OEMs also face the challenge of implementing this state-of-the-art technology in their new or existing applications, including validation and verification of the applications’ functionality and access to hardware functions and I/Os. To reduce the amount of R&D work, lower costs and shorten their products’ time to market, they seek ways to cut down their initial development and migration tasks. By the graphics core will speed up vector processing applications such as situational awareness, military and medical markets. One approach is to make use of a hardware vendor’ migration services. These embedded products as they are known, are no longer limited to the consumer market. They are making their entrance into the embedded market with the arrival of the new AMD Embedded G-Series platform. OEMs can now add the parallel processing power of the AMD Radeon 6310 GPU to their applications.

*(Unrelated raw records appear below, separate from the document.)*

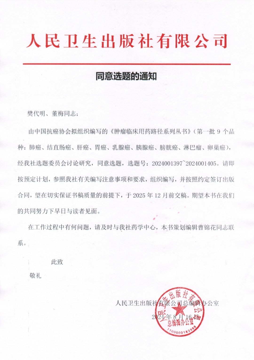 《肿瘤临床用药路径系列从书》(第一批:肺癌、结直肠癌、肝癌、胃癌、乳腺癌、胰腺癌、膀胱癌、淋巴瘤、卵巢癌)已获得人民卫生出版社同意立项。该套丛书的编写将为各类瘤种的用药路径提供权威指导,为推动肿瘤药物治疗的规范化和系统化奠定坚实基础。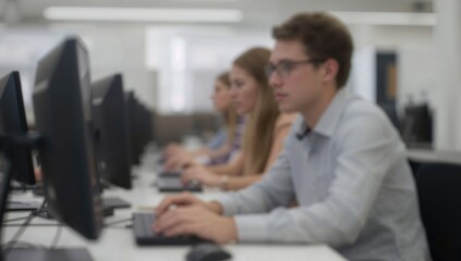 Students engaged in learning programming cioding skills, high school environment with focused students on digital screens, developing future software engineers in tech-driven education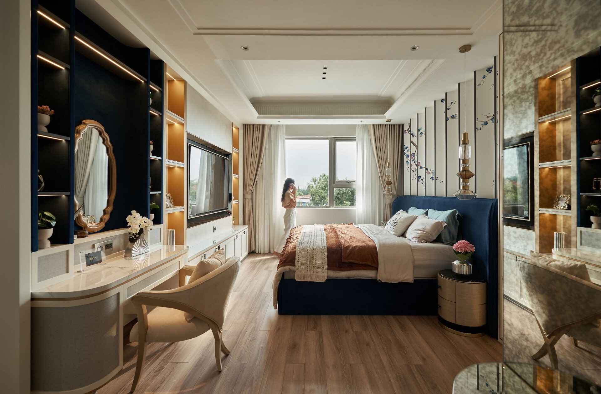 Phòng ngủ chính mang sắc xanh dương sâu lắng hòa cùng tông cam ấm áp, gợi hình ảnh biển cả dưới ánh hoàng hôn. Những cành hoa tươi trên vách trắng mang hơi thở thiên nhiên vào không gian, trong khi đầu giường bo tròn mềm mại và họa tiết sóng biển uốn lượn khơi gợi cảm hứng sáng tạo. Đây là chốn nghỉ ngơi thư giãn, đồng thời tiếp thêm năng lượng cho gia chủ.

By doing this, it’s possible to add supercomputer-like performance to small-form-factor embedded designs and obtain a previously unachievable performance-per-watt ratio. Additionally, with the support for OpenCL 1.1 and Microsoft DirectCompute, parallel embedded products .

refer to: http://embedded-computing.com/white-papers/white-small-form-factor-sff-designs-2/

Posted in 3.5 Biscuit SBC, 3.5 SBC, embedded pc | Tagged , | Leave a comment

Revealing the 4th generation Intel® Core™ processors

Kontron will implement on a broad range of embedded computing platforms. Based on the 22 nm Intel® 3D processor technology already used in the embedded computing, predecessor generation, the processors, formerly codenamed ‘Haswell’, have experienced a performance increase which will doubtlessly benefit applications.

This whitepaper gives engineers a closer look into the architectural improvements of the new microarchitecture and delivers the answers as to how they can integrate these most efficiently into their appliances.The 4th generation Intel® Core™ processors serve the embedded computing space with a new microarchitecture.